Algumas adolescentes e jovens que entram grávidas na Fundação Casa, seja
na unidade de internação (UI), seja na UIP, são transferidas para a Casa das Mães
a partir da 32ª semana de gestação. Depois do parto, os bebês ficam com elas na
Casa das Mães, uma ala separada, com quartos coletivos e individuais. De acordo
com uma das mães,
“A vida aqui é tranquila, é bom que a gente está com os bebês, quando eu
estava ainda na UIP eu achava que se viesse pra cá meu filho ia ficar só seis
meses comigo, mas vi que era totalmente diferente, tanto que minha primeira
pergunta pra coordenadora foi ‘senhora, quando meu filho completar 6 meses
ele vai embora?’ Ela falou ‘você só está de 3 meses e já está preocupada com isso?
Onde você ouviu essa história’? Eu falei que era isso que todo mundo fala na
UIP. Mas aqui os bebês ficam com as mães a não ser que as mães deem motivo
pra separar, aqui só teve um caso, da mãe que beliscava o bebê, tinha problema
psiquiátrico.” (Adolescente da Casa das Mães).
A Fundação Casa tem convênio com hospital de referência mais próximo,
porque todas as gravidezes de adolescentes são consideradas de risco, “pela idade
e/ou uso de droga”. Nesse hospital as garotas fazem acompanhamento desde o prénatal, até a consulta de 45 dias após o parto, junto com o bebê.
No Estado de Alagoas, a gravidez das adolescentes também é considerada de
alto risco, e as/os médicas/os e enfermeiras/os do Centro de saúde que atende ao
sistema socioeducativo acompanham os casos de pré-natal.

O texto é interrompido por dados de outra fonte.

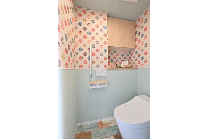 トイレは洗面室とテイストを揃え、ヴィンテージ感のあるクッションフロアを採用しました。壁には消臭効果のある撥水クロスを使用し、快適さとお手入れのしやすさの両立を図っています。収納は扉の表面に木目調のシートを貼り、空間にやわらかな温かみをプラス。あわせて収納カウンターや手すりも新しく交換し、使いやすさとデザイン性を高めたトイレ空間に仕上げました。
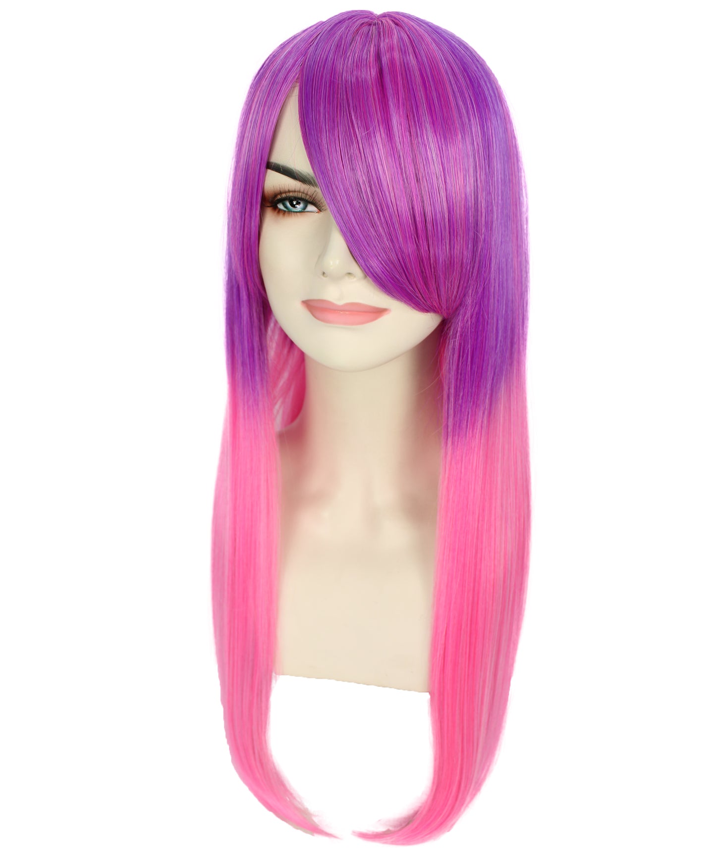 Made of flame-retardant Synthetic Fiber, this Straight Pink Cosplay Wig comes with an adjustable lining that can be stretched up to 22 inches in diameter making it perfect for both adults and children up to 5.
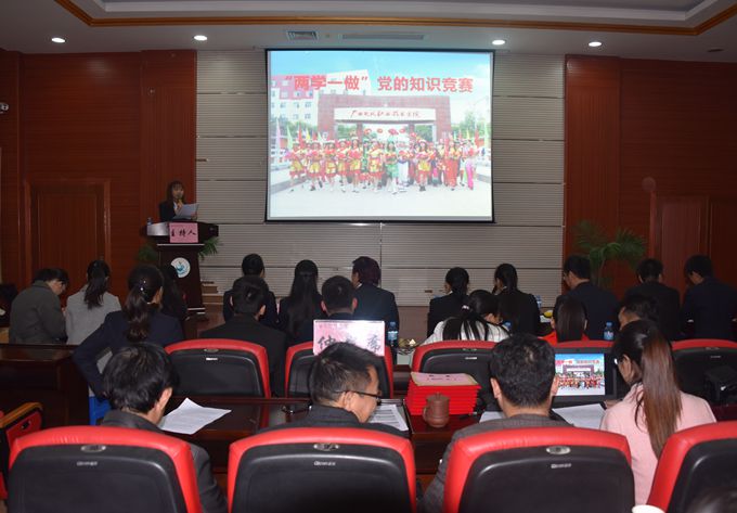 为推动我院“两学一做”学习教育扎实深入开展,加深各基层党总支党员对党的历史、党的知识、党的理论和路线方针的认识,激发全院党员教职工爱党、爱国热情,11月28日晚,我院在第二学术报告厅举行“两学一做”党的知识竞赛。学院党委副书记、副院长霍江华、副院长韦胜东、纪委书记冉景峰出席并担任评委。全体党员教职工到场观看比赛。

Até o momento não
tiveram experiência de garota cumprindo medida com bebê.
No Rio Grande do Sul, toda garota que chega à unidade tem sua saúde avaliada e é feita uma anamnese completa pela/o médica/o. Se estiver gestante é
encaminhada para pré-natal de alto risco: “geralmente é de alto risco por causa da
droga”. O pré-natal é em um hospital, o acompanhamento é na unidade. Uma das
72
Direitos sexuais e direitos reprodutivos de adolescentes e jovens
em conflito com a lei: contribuições para o debate e ações
garotas entrevistadas, que chegou grávida de dois meses, teve o bebê e vive com ele
na unidade, disse que fez o pré-natal:
“Foi bom igual Gramado (de onde veio), tive acesso a tudo, foi parto
normal no hospital, agora estou no quarto com meu filho. Tinha outra garota
grávida, desde que estou aqui tinha seis crianças, uma que tava grávida ganhou
e já saiu, mais duas, uma menina e um menino, já foram embora também.”

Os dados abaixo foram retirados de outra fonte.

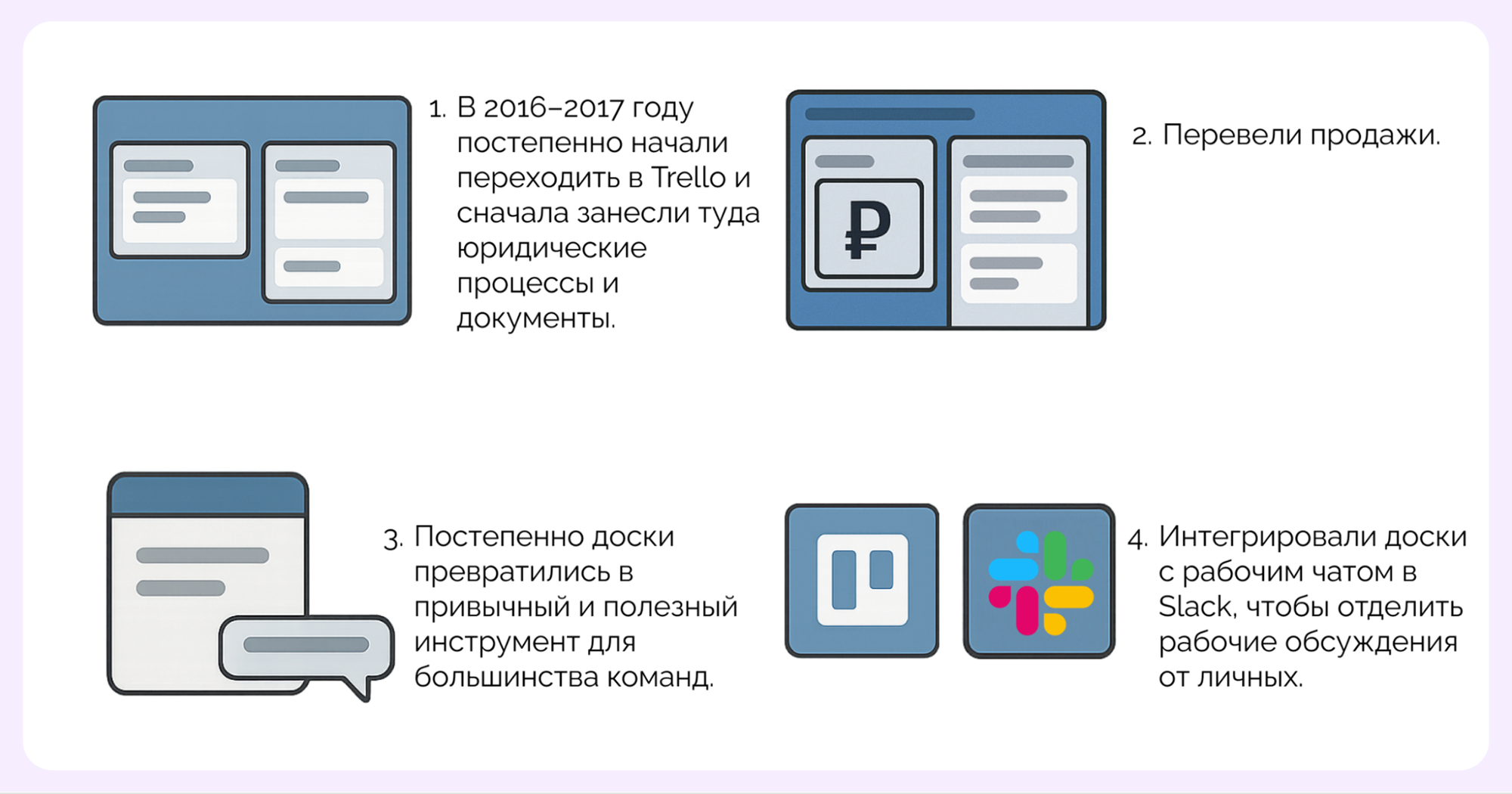 «Корпорация роботов» пережила уход Trello без провала в хаос: за счет быстрой миграции, разделения работы на пространства по направлениям, настройки доступов и привычки фиксировать договоренности. В итоге руководству стало проще видеть бизнес целиком, командам — держать задачи и сроки в одном поле, а точкам роста — быстрее становиться заметными.

Na Bahia, quando se fez a visita à unidade, havia duas garotas grávidas. Uma
delas estava internada há 4 meses e ainda não havia tido atendimento de pré-natal.
A outra, grávida de 7 meses, só havia realizado duas consultas de pré-natal até
aquela data. Em uma das salas da ala feminina há um quarto onde viviam uma
garota com seu bebê. O bebê apresentava algum tipo de dermatite, com lesões no
rosto, assim como a maioria dos/as adolescentes.
Segundo um/a participante da equipe técnica de Mato Grosso do Sul, sempre
tem garotas grávidas na unidade. “Tínhamos uma grávida de 4 meses, mas foi liberada
na sexta-feira, foi embora pra casa. Em geral não fizeram o pré natal, então tem que fazer
a ficha, correr atrás da documentação, do cartão SUS, porque a maioria delas não tem”.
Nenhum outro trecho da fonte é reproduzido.